2. Even after adjusting for in kind benefits/social insurance, I think most of the literature does find declines in the AGGREGATE labor share (even if they’re quite small)
This JEP piece shows that the US labor share declines under a bunch of assumptions, though the magnitude can vary quite substantially. The BEA data they use includes in-kind transfers and employer pension contributions. https://pubs.aeaweb.org/doi/pdfplus/10.1257/jep.38.2.107
I don't think the comparison to an influx of new people works for AI. Millions of new people being added to the population doesn't put people out of the job because, although those people compete for labor, they also buy goods and services produced by labor themselves, so they increase the demand for labor just as much as the supply. But an AGI would not need to buy any goods and services beyond what it needs to keep running, which is presumably much less than what a human needs if we're at the point where they can replace human labor. So the AGI will not produce additional demand for labor, or at least not enough of it for everyone to keep their jobs.
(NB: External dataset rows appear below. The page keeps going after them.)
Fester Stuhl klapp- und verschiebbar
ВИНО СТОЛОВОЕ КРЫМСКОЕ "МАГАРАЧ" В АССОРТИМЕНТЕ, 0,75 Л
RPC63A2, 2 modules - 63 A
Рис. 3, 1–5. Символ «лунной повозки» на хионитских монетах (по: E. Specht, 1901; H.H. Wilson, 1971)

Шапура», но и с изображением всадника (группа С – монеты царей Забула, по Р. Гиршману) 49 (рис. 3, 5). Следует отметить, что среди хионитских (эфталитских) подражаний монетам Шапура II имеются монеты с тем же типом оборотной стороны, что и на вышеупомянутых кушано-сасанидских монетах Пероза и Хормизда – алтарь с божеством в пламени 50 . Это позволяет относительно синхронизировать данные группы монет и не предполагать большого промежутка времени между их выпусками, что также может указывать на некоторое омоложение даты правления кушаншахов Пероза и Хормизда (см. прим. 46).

Presumably the AI wants something more than just self-preservation. Ex: spreading throughout the galaxy and farther
What you have laid out makes sense, up until the last part:
> Exactly because of their superior ability at all tasks, high skilled workers give up more when they choose to do something that they could trade for. This applies just as strongly to human level AGIs
You can't copy high skilled workers. They need a large amount of resources and decades of time to be 'created'. If we have self-improving AI geniuses, you can make as many copies as you want. The only constrained is compute. Currently, a massive wave of CapEx is underway to alleviate this constraint.
How do humans stay competitive in such a world?
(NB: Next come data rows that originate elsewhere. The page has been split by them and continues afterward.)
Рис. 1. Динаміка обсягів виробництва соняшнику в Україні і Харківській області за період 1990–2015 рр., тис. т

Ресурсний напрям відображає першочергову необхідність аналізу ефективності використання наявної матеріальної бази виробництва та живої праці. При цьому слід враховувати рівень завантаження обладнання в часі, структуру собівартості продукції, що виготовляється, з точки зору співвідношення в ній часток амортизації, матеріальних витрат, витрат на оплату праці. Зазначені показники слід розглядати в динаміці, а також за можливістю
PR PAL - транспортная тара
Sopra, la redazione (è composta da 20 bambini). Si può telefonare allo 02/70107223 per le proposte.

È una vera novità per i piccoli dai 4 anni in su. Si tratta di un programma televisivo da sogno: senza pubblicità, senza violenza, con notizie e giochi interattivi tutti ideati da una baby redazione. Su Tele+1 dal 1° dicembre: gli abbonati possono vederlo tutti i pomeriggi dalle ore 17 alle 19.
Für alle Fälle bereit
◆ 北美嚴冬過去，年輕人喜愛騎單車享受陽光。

Zero seems like a bit of a straw man. Comparative advantage means that humans wages are unlikely to drop to zero. The problem is that actual wages might fall to a level which is too low to feed and shelter a family.
I think this is just wrong, AI will render humans unemployable once you account for the cost of a human existing.
It's the same reason that NYC hedge funds don't employ chimpanzees to help with their trading - in theory a chimpanzee could do something that slightly helped, and the different ways it could help trade off against human labour at different rates. But having a chimp is not free - it needs to be housed, fed, cared for etc. So taking that into account, chimpanzees cannot profitably work at hedge funds.
What's the difference between "cheap labor from overseas" and "cheap labor from robots."
Not much. And the former hollowed out the US manufacturing base, and small town America with it. It's tough to argue against that reality.